> _What is expected_
With the pictures set aside, return the lines below exactly, beginning at the first and ending at the line containing "キャベツをちぎる係、ウインナーを切る係を決めて取り組みました。".

[Entries taken from a collection]
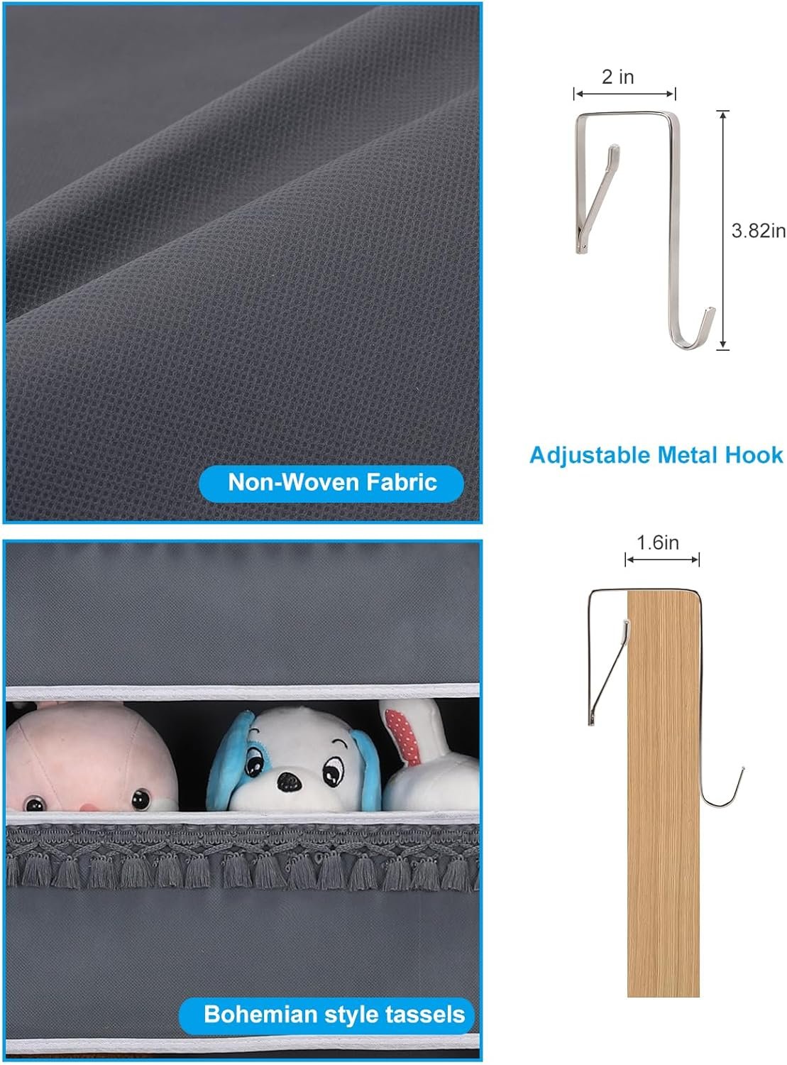 The total size of this door organizer is H 50in *L 16in *W 6in. Metal hooks fit doors less than 1.75 inches thick
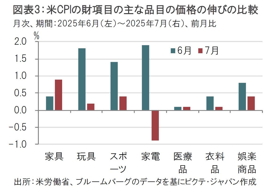 財の中で、家具や玩具など輸入割合が高く関税の影響を受けやすい品目について6月と7月の価格の伸びを前月比で見ると、家具(6月0.4%→7月0.9%)のように前月を上回った品目もあるが、玩具、スポーツ用品、家電、衣料品などは前月を下回った(図表3参照)。家電(0.9%→-0.9%)のように下落に転じた品目も見られた。
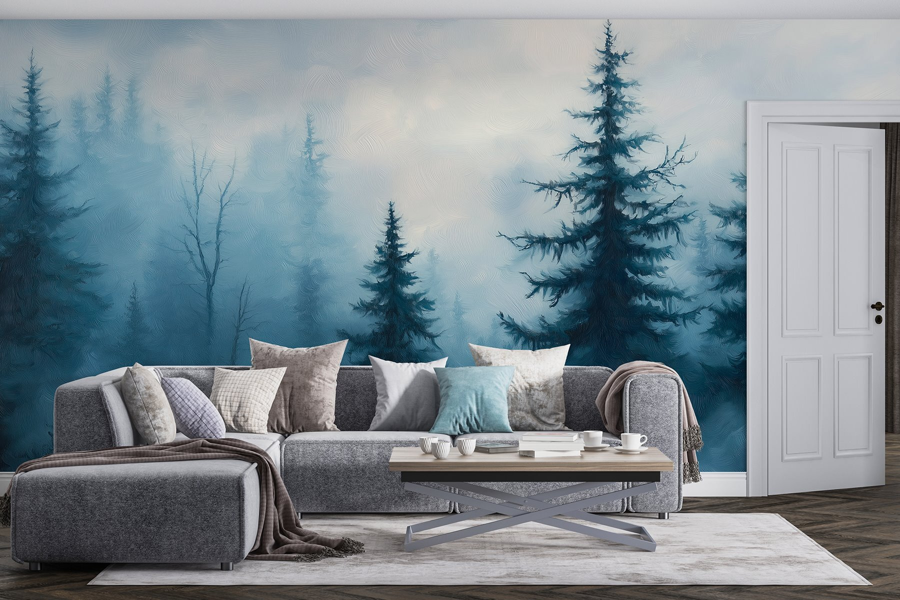 Verwandeln Sie Ihren Raum mit dem bezaubernden Charme der Fototapete “Nebliger Wald mit Bäumen”. Stellen Sie sich vor, Sie treten in einen nebligen Wald, in dem sich jeder Blick wie eine sanfte Flucht in die Natur anfühlt. Die sanften, gedämpften Farben hüllen Ihren Raum in eine beruhigende Stimmung – perfekt für eine gemütliche Leseecke oder einen ruhigen Rückzugsort im Schlafzimmer.
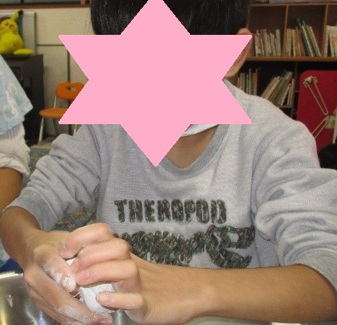 キャベツをちぎる係、ウインナーを切る係を決めて取り組みました。
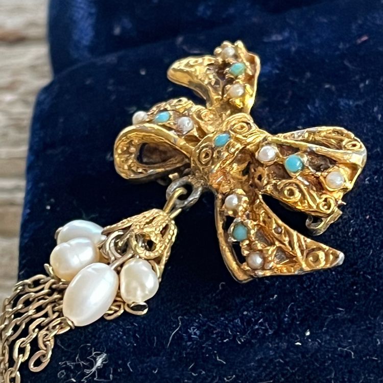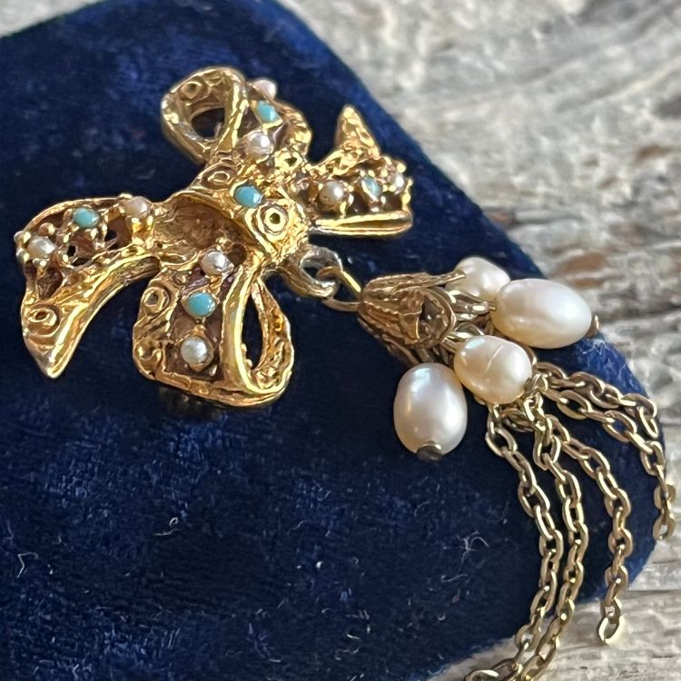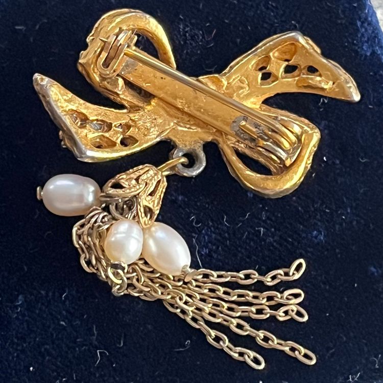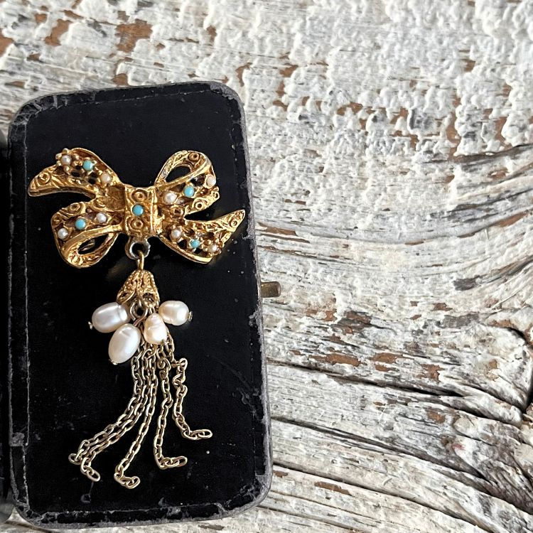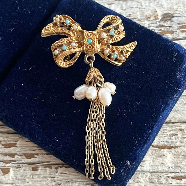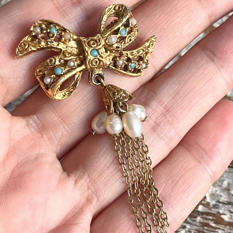 【ブローチ】リボン タッセル バロックパール 50’sイギリスvintage
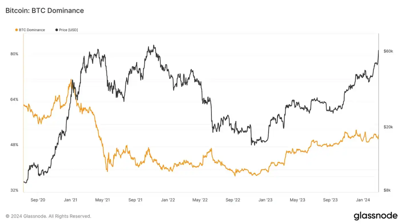 那我们今天看到了什么?比特币的主导地位正在上升,再次带领市场走出熊市,目前占加密货币总市值 51% 的市场份额。这也再次印证了市场处于牛市早期阶段,作为参考,在上一个周期中,比特币在「山寨币 Summer」开始之前达到了 70% 的主导地位。市场肯定不会完全复刻该数据,但预计随着比特币接近历史高点,其主导地位将继续得到增强。
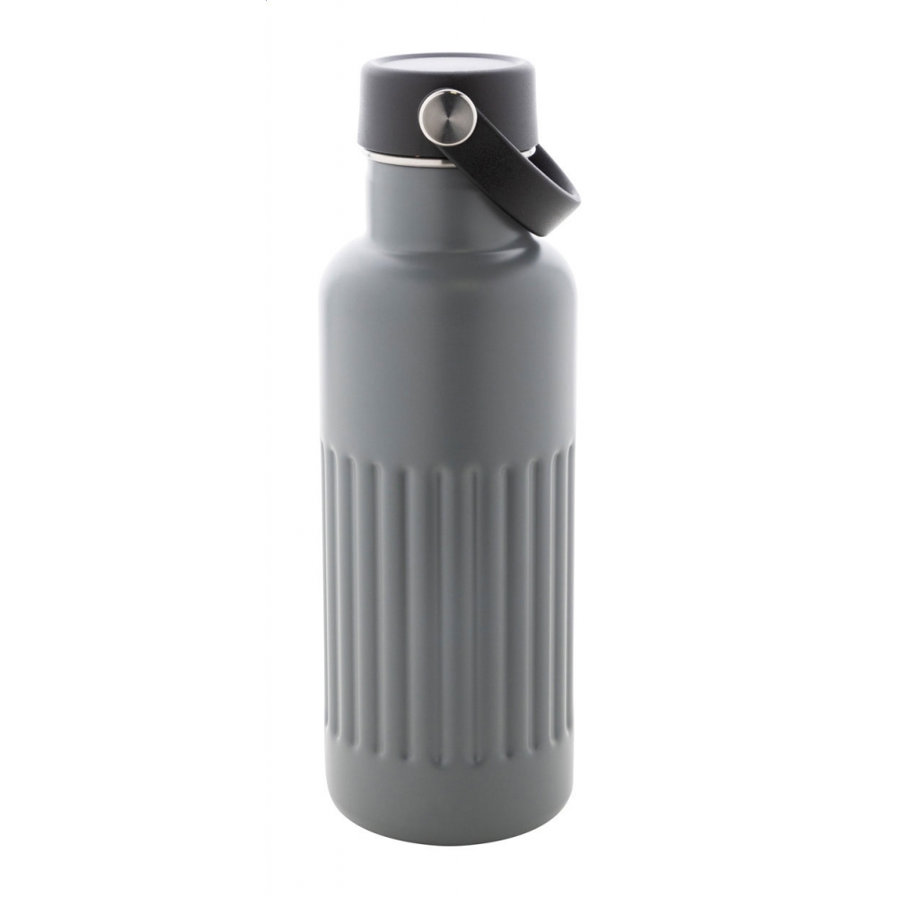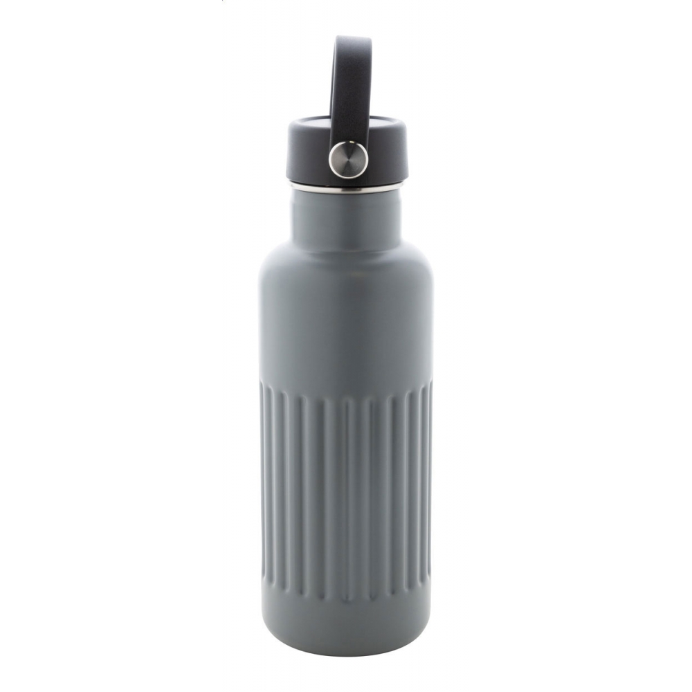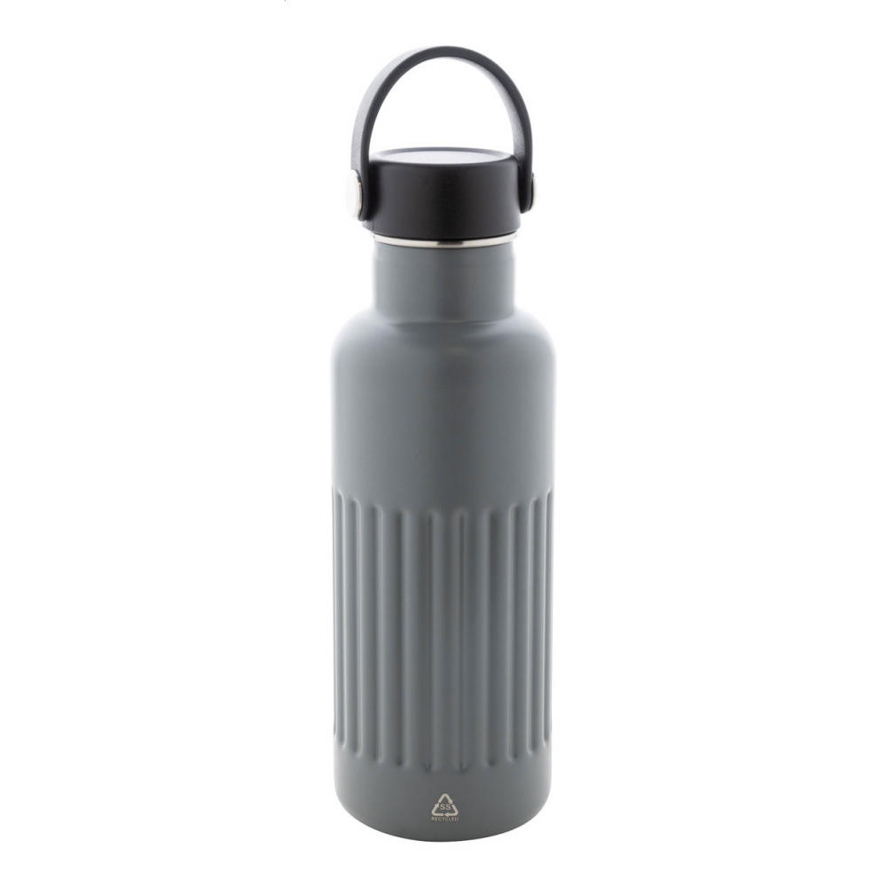 Artikel-Nr: AND808232-80Doppelwandige, recycelte Edelstahl-Trinkflasche mit Vakuumisolierung und PP-Kunststoff-Trageverschluss. Füllmenge: 500 ml.

> _Answer to this task_
 The total size of this door organizer is H 50in *L 16in *W 6in. Metal hooks fit doors less than 1.75 inches thick
 財の中で、家具や玩具など輸入割合が高く関税の影響を受けやすい品目について6月と7月の価格の伸びを前月比で見ると、家具(6月0.4%→7月0.9%)のように前月を上回った品目もあるが、玩具、スポーツ用品、家電、衣料品などは前月を下回った(図表3参照)。家電(0.9%→-0.9%)のように下落に転じた品目も見られた。
 Verwandeln Sie Ihren Raum mit dem bezaubernden Charme der Fototapete “Nebliger Wald mit Bäumen”. Stellen Sie sich vor, Sie treten in einen nebligen Wald, in dem sich jeder Blick wie eine sanfte Flucht in die Natur anfühlt. Die sanften, gedämpften Farben hüllen Ihren Raum in eine beruhigende Stimmung – perfekt für eine gemütliche Leseecke oder einen ruhigen Rückzugsort im Schlafzimmer.
 キャベツをちぎる係、ウインナーを切る係を決めて取り組みました。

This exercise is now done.